In my prior work at OSE, I've done my best to design your systems to be robust and "well oiled" so that they would run for as long as possible with as little maintenance as possible. However, code rots over time, and there's only so long you can hold-off before things fall apart. Python 2.7.5 was End-of-Life'd on 2020-01-01, and it no longer receives any updates. * https://en.wikipedia.org/wiki/History_of_Python CentOS 7.7 was released 2019-09-17. "Full Updates" stopped 2020-08-06, and it will no longer receive any maintenance updates after 2024-06-30. * https://wiki.centos.org/About/Product At some point, you're going to want to migrate to a new server with a new OS. I strongly recommend initiating this project before 2024.
- Here's the log entry https://wiki.opensourceecology.org/wiki/Maltfield_Log/2022#Wed_November_02.2C_2022
- I told Marcin to budget for ~$10,000 to migrate to a new server, as it's going to be a massive project that will likely require more than a month of full-time work to complete the migration
- Marcin said I should go ahead and prepare a CHG "ticket" article for the upgrade and schedule a time to do it
- I prepared a change ticket for updating the system packages on Friday https://wiki.opensourceecology.org/wiki/CHG-2024-07-26_yum_update
- I also noticed that I kept getting de-auth'd every few minutes on the wiki. That's annoying. Hopefully updates will help this (and other) issues go away.
- If we did a migration to debian, then we'd need to migrate to a new server
- previously when we migrated from hetzner1 to hetzner2, we got a 15x increase in RAM (from 4GB to 64GB). And the price of both servers was the same!
- I was expecting the next jump would have similar results: we'd migrate to a new server that costs the same for much better specs, but that's not looking like it's going to be the case :(
- Here's the currently-offered dedicated servers at hetzner https://www.hetzner.com/dedicated-rootserver/
- Currently we have 8-cores, 64G RAM, and two 250G disks in a RAID-1 software array. We pay 39 EUR/mo
- The cheapest dedicated server (EX44) currently is 46.41 EUR/month and comes with 14-cores, 64G RAM, and 2x 512G disks. That should meet our requirements https://www.hetzner.com/dedicated-rootserver/ex44/configurator/#/
- oh crap, we'd be downgrading the proc from the i7 (Intel® Core™ i7-6700) to an i5 (Intel® Core™ i5-13500)

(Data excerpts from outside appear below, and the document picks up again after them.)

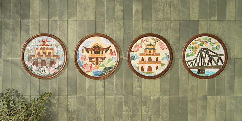 BST tranh gốm mosaic “Hà Nội Nhớ” gồm bốn tác phẩm, tương ứng với bốn địa danh biểu tượng của Hà Nội được chế tác trên nền sắc men gốm rực rỡ. Chạm vào từng bức tranh, cảm nhận sự kết hợp khéo léo và tinh tế giữa các dòng men truyền thống cùng những hình ảnh sống động, người xem như được dẫn dắt trở về một miền ký ức Hà Nội thân quen trong tâm trí: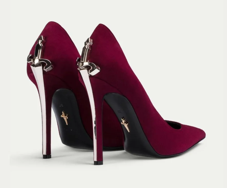 Goat suede pump with a sharp pointed toe and defined vamp. The stiletto heel is finished with the dagger heel, an iconic design of the maison.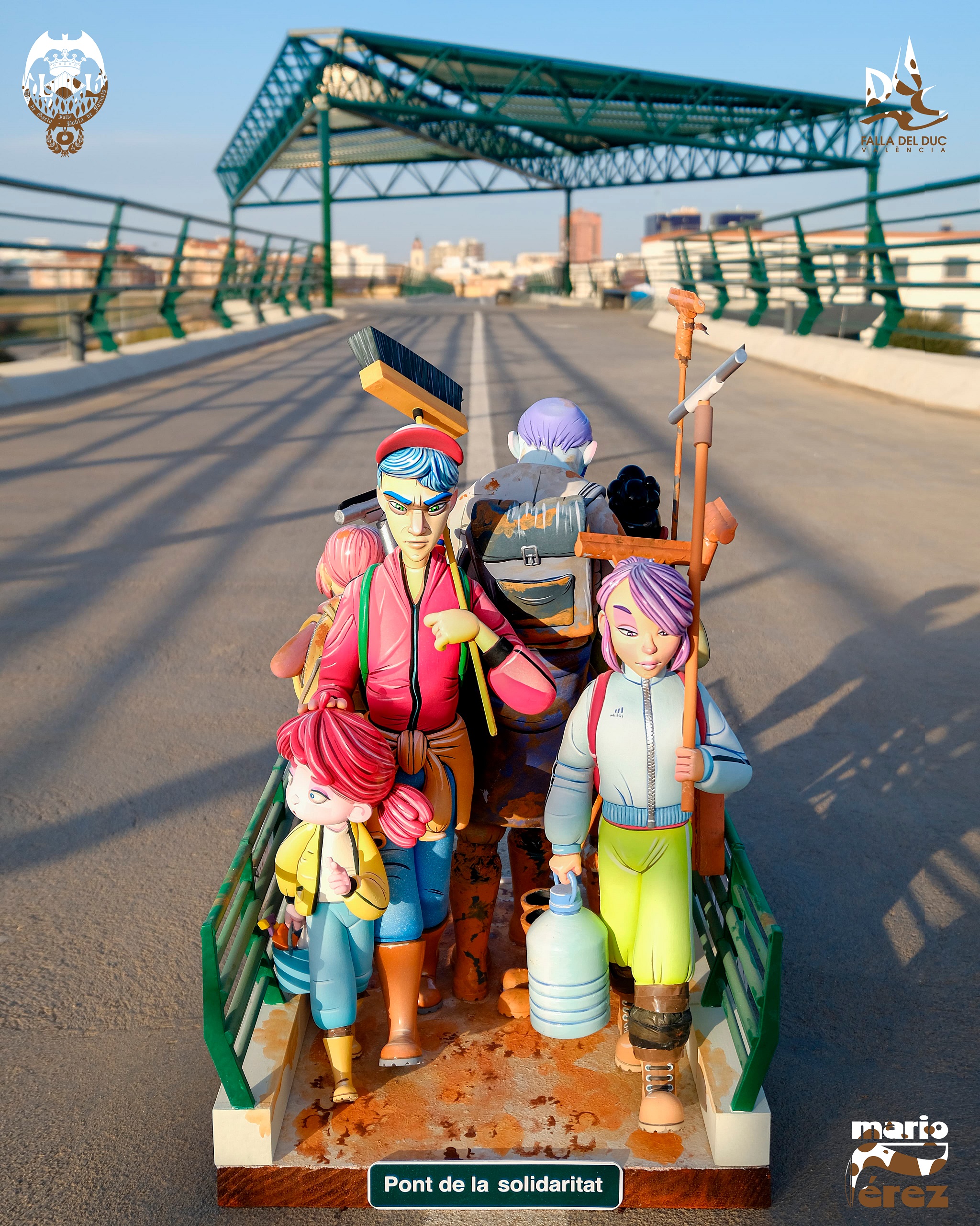 La Falla Duque de Gaeta – Pobla de Farnals vuelve a posicionarse como una de las grandes aspirantes al ninot indultat infantil en la Exposición del Ninot 2025. Después de conquistar este honor el año pasado con un emotivo homenaje al Alzheimer, la comisión sorprende de nuevo con una propuesta cargada de sensibilidad y compromiso social: “El Pont de la Solidaritat”, una obra que rinde tributo a los voluntarios que ayudaron en las devastadoras inundaciones provocadas por la DANA.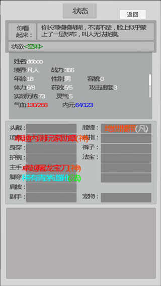在进入异世修真人游戏之前,会随机刷取后天属性。这里说明一下,武道对功法的升级速度有影响,每次功法升级所提升的量等同于武道值。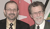 | | Jim Hnatiuk, recently chosen leader of the Christian Heritage Party, spoke at six meetings on a tour of British Columbia in February, Hnatiuk (left) is pictured here with his predecessor, long-time leader Ron Gray, in Abbotsford February 8. At the meetings Hnatiuk outlined party policies on government finances, family law and health issues. He argued that the Christian community's lobbying efforts and work to elect Christian MPs from other parties hae failed to have any impact, because party discipline keeps those MPs from voicing Christian viewpoints. |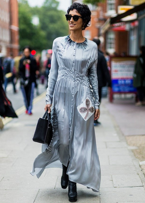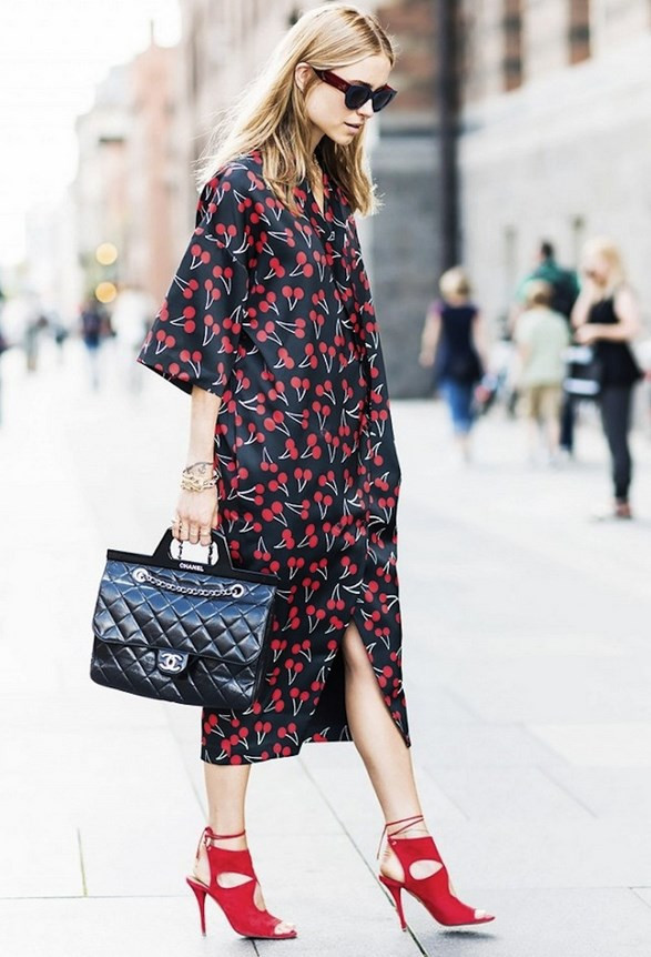 Необычно и интересно выглядят платья с мюлями на невысоком каблуке. Акцент можно сделать на сумке или массивных аксессуарах: серьгах, кольце, ожерелье. Некоторые девушки украшают образ шляпками. Это выглядит современно и аристократично.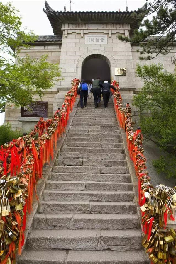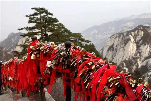 金鎖關(guān)北接五云峰,南控華山主峰,東西兩側(cè)壑深千丈,關(guān)前僅有一米完的臺階石徑。環(huán)周古松蒼翠,奇石林立,常有祥云環(huán)繞,風光非常迤麗。“但有女兒初長成,便為三秦姣姣容。”說的就是奇險天下第一山的華山除了以其奇、險、秀而聞名遐邇之外,還別有一番令人動容的金鎖關(guān)風景:關(guān)內(nèi)、關(guān)外登山路兩側(cè)的鐵索上,情侶鎖、平安鎖,重重疊疊,紅繩彩線迎風搖曳,筑成一道美麗的愛情風景線,鎖住對愛情的誓言,表達堅如磐石的愛情忠貞!
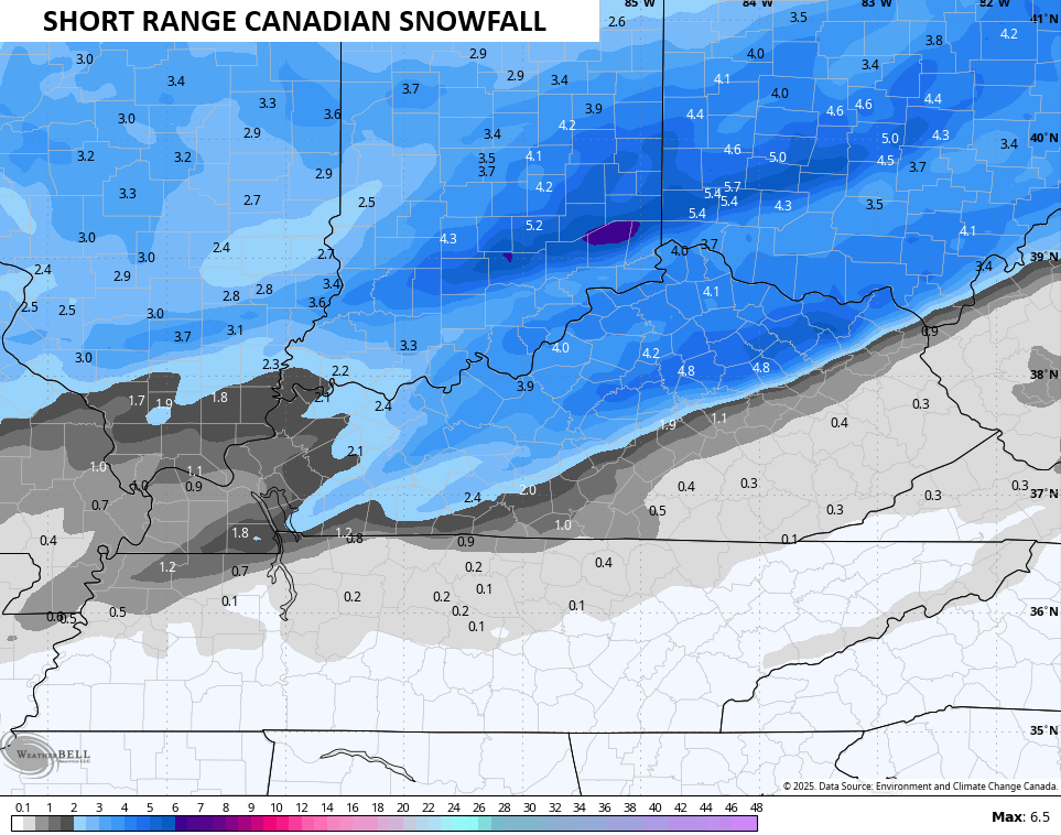 The late day Short Range Canadian also beefed up snow totals…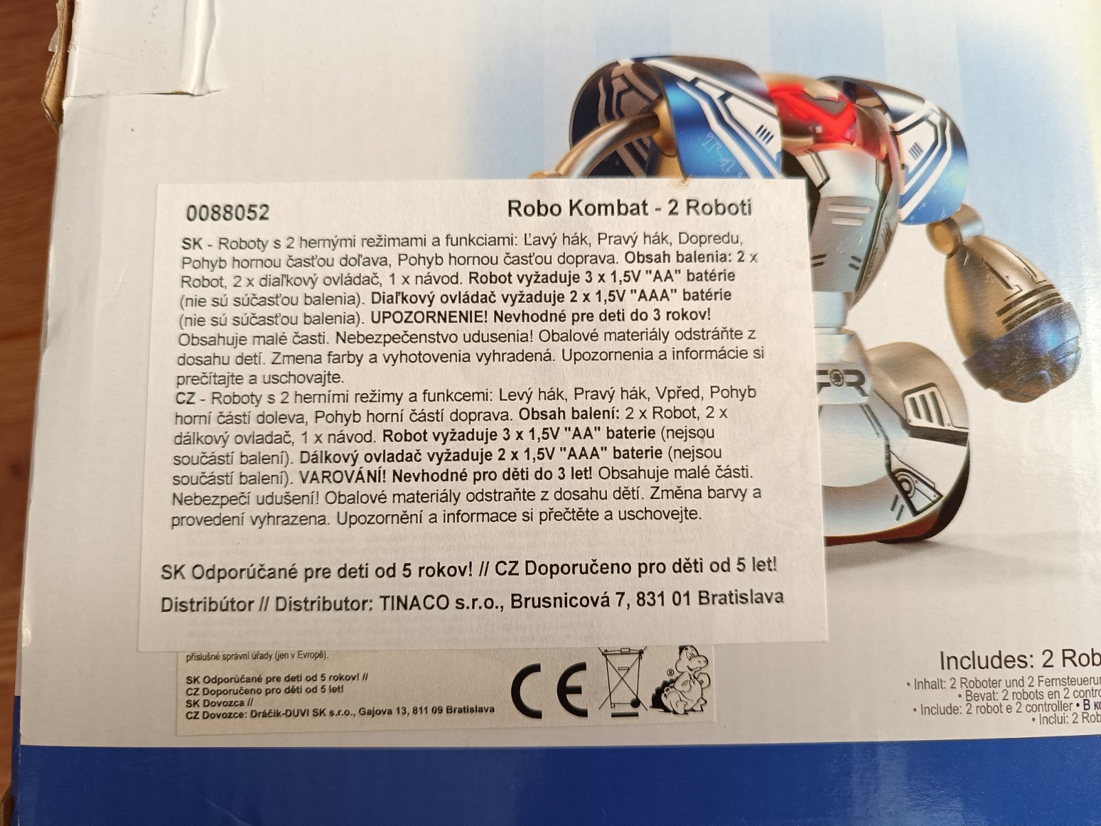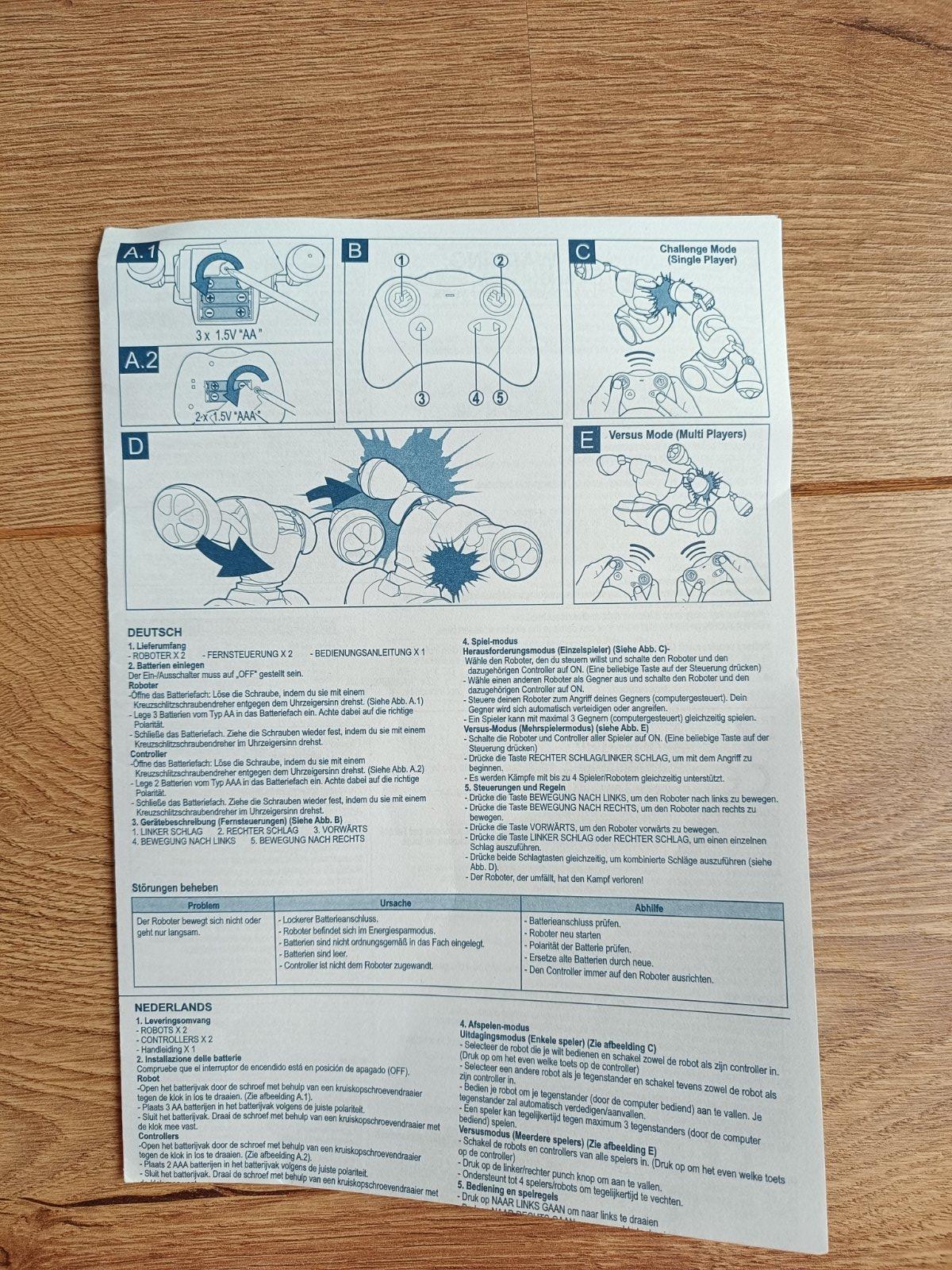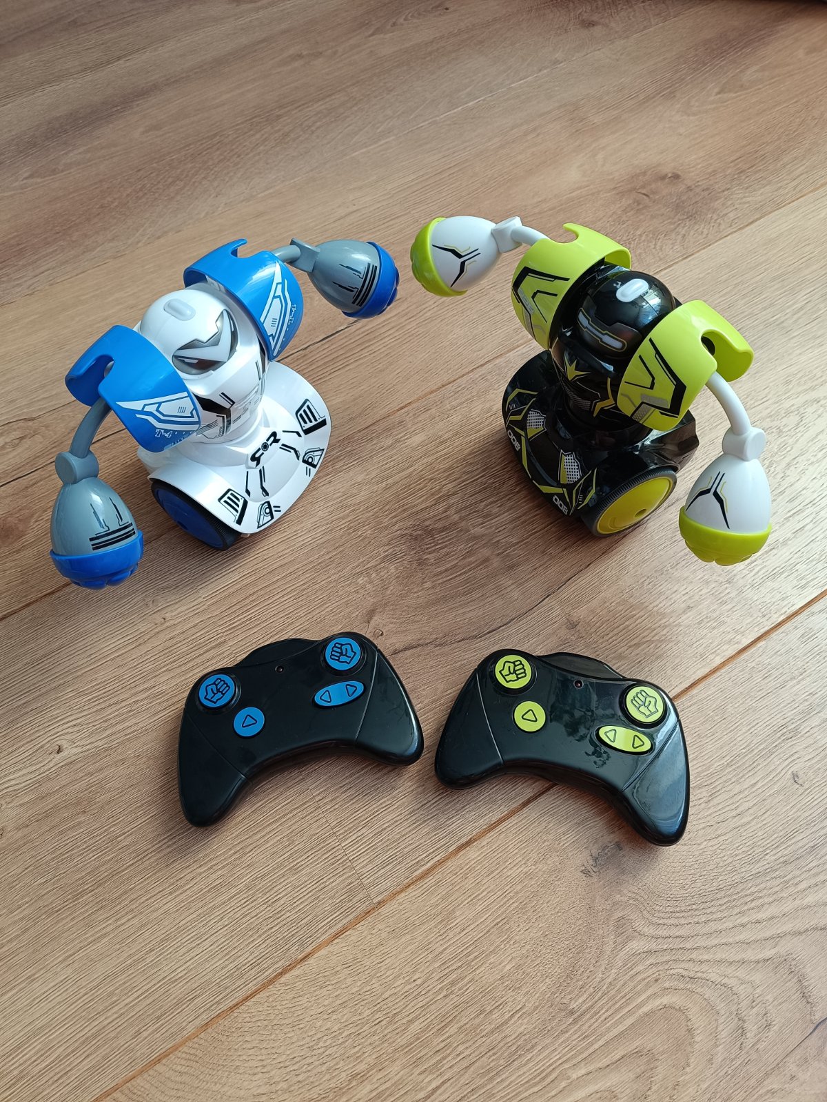 Sada obsahuje dvoch robotov s joystikami na baterky, ktori su dialkovo ovladani a bojuju proti sebe, vydavaju realisticke zvuky boja a LED svetla.

- I'd have to check the munin charts, but I would be surprised if we ever break a load of 2, so that's still probably fine.
- I met with Marcin tonight to discuss [a] the system-level package upgrades, [b] the application (eg wordpress, mediawiki, etc) upgrades, and [c] the server migration
- I recommended that Marcin do the updates on staging, and described the risk of not doing it
- the problem is that the current staging environment is down, an d it may take a few days to restore it
- the risk is maybe a few days of downtime instead smaller change window during the update
- we agreed that I'll do the system-level package upgrades direct-to-production; Marcin accepted the risk of a few days of downtime
- Marcin also mentioned that Hetzner has a "server auction" page, which has some more servers that meet our needs at a slightly discounted price https://www.hetzner.com/sb/
- actually many of these are 37.72 EUR/mo, so they're actually *cheaper* than our current 39 EUR/mo. Great!
- there's >3 pages of servers for this 37.72 EUR/mo price. One of them has 2x 4TB drives (though it looks like spinning disks). This is a server graveyard built-to-spec for previous customers, it seems. We should be able to find one that meets our needs, so that means we'll easily double our disk and save ~15 EUR per year. Cool :)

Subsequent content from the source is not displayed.